Physicochemical, Microstructural, and Release Profile of Gallic Acid and Hesperetin Rich Phenolic Extract in Polysaccharide and Protein-Based Complex Coatings

The influence of simple and complex carrier agents on the physicochemical, flow, and in vitro release properties of the encapsulated phenolic-rich extract from lemon myrtle leaves was investigated in this study. Polysaccharide-based complex coating (maltodextrin: gum arabic) offers the highest encapsulation efficiency (EE) resulting in maximum retention of phenolic compounds and antioxidant properties as compared to other coatings. However, all of the coatings provided above 97% of EE and passable/poor flow properties. The lightness of encapsulated extract was increased upon the incorporation of a protein-based coating with maltodextrin.

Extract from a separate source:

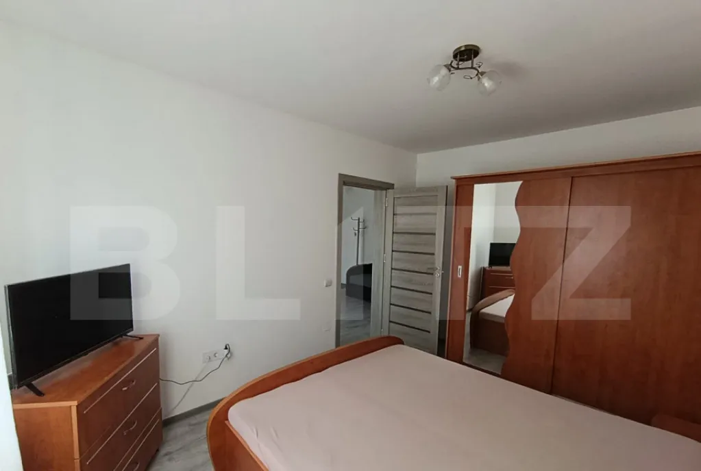 Compartimentarea este practică: două dormitoare, living cu bucătărie open space, baie și hol de acces. Locuința se vinde complet mobilată și utilată (centrală termică, mașină de spălat, frigider), fiind pregătită pentru mutare imediată.

The pure and encapsulated extracts indicate amorphous nature with a little degree of crystallinity. A similar release profile was observed for most of the samples in food simulants, initially slowly release and gradually increase to maximum release at around 36 h and then slowly decrease the release rate/availability of phenolics. All of the samples release the highest quantity of phenolics in lipophilic/fatty food simulant. In vitro analysis illustrate that the percent release of phenolics from an encapsulated sample can depend on the selection of coating and release medium. Therefore, appropriate coating material selection and optimization should be performed to get the desired output from the encapsulation of phenolic-rich extract. Polysaccharide and protein-based complex coatings enriched with phenolics could be applicable for the development of functional food products and nutraceuticals.